■ **AIM OF THE TASK**
What is needed is an exact copy of the lines in the entries below from the one holding "1995 Pacific #296" through the one holding "危险废物储存不规范。危险废物", pictures excluded.

■ **GIVEN DATA**
*-*-*
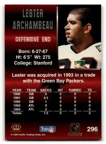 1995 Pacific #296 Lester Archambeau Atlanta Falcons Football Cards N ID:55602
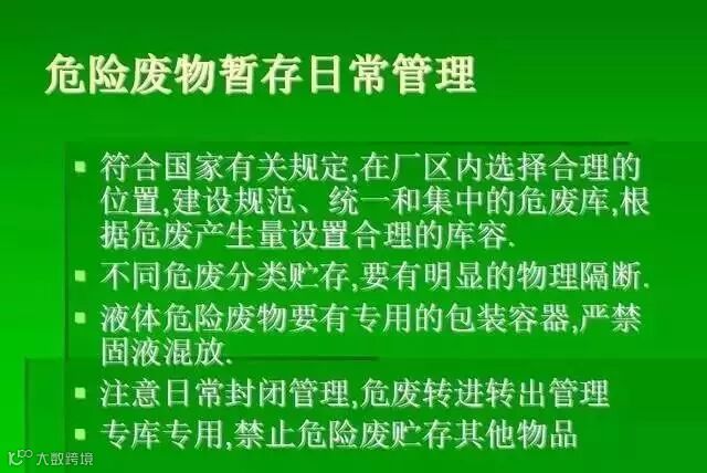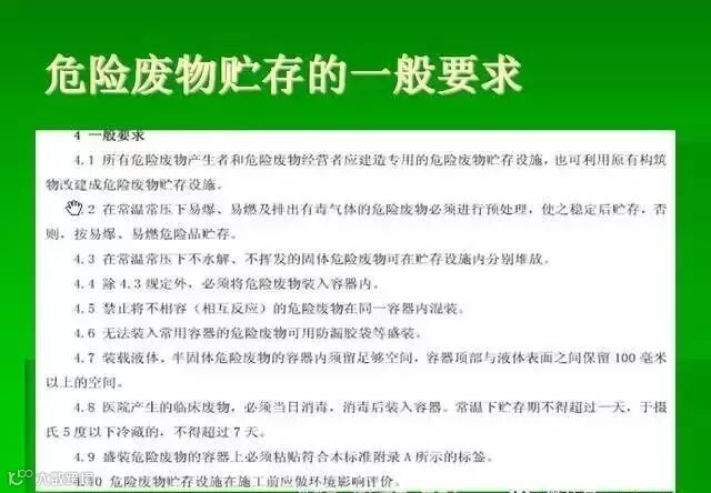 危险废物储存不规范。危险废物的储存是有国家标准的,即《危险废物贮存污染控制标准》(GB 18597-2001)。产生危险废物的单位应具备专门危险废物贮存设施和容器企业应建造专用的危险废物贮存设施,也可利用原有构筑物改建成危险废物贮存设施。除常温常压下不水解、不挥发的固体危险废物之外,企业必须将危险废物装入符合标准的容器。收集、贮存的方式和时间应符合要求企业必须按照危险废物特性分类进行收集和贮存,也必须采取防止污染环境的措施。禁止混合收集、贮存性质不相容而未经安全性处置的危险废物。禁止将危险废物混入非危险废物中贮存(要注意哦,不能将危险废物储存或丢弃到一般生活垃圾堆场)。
*-*-*
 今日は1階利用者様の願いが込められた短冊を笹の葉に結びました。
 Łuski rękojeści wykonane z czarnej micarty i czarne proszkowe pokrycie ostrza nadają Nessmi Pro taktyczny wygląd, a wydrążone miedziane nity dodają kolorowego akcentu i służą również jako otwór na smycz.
*-*-*
■ **ANSWER FOR THIS EXERCISE**
 1995 Pacific #296 Lester Archambeau Atlanta Falcons Football Cards N ID:55602
 危险废物储存不规范。危险废物的储存是有国家标准的,即《危险废物贮存污染控制标准》(GB 18597-2001)。产生危险废物的单位应具备专门危险废物贮存设施和容器企业应建造专用的危险废物贮存设施,也可利用原有构筑物改建成危险废物贮存设施。除常温常压下不水解、不挥发的固体危险废物之外,企业必须将危险废物装入符合标准的容器。收集、贮存的方式和时间应符合要求企业必须按照危险废物特性分类进行收集和贮存,也必须采取防止污染环境的措施。禁止混合收集、贮存性质不相容而未经安全性处置的危险废物。禁止将危险废物混入非危险废物中贮存(要注意哦,不能将危险废物储存或丢弃到一般生活垃圾堆场)。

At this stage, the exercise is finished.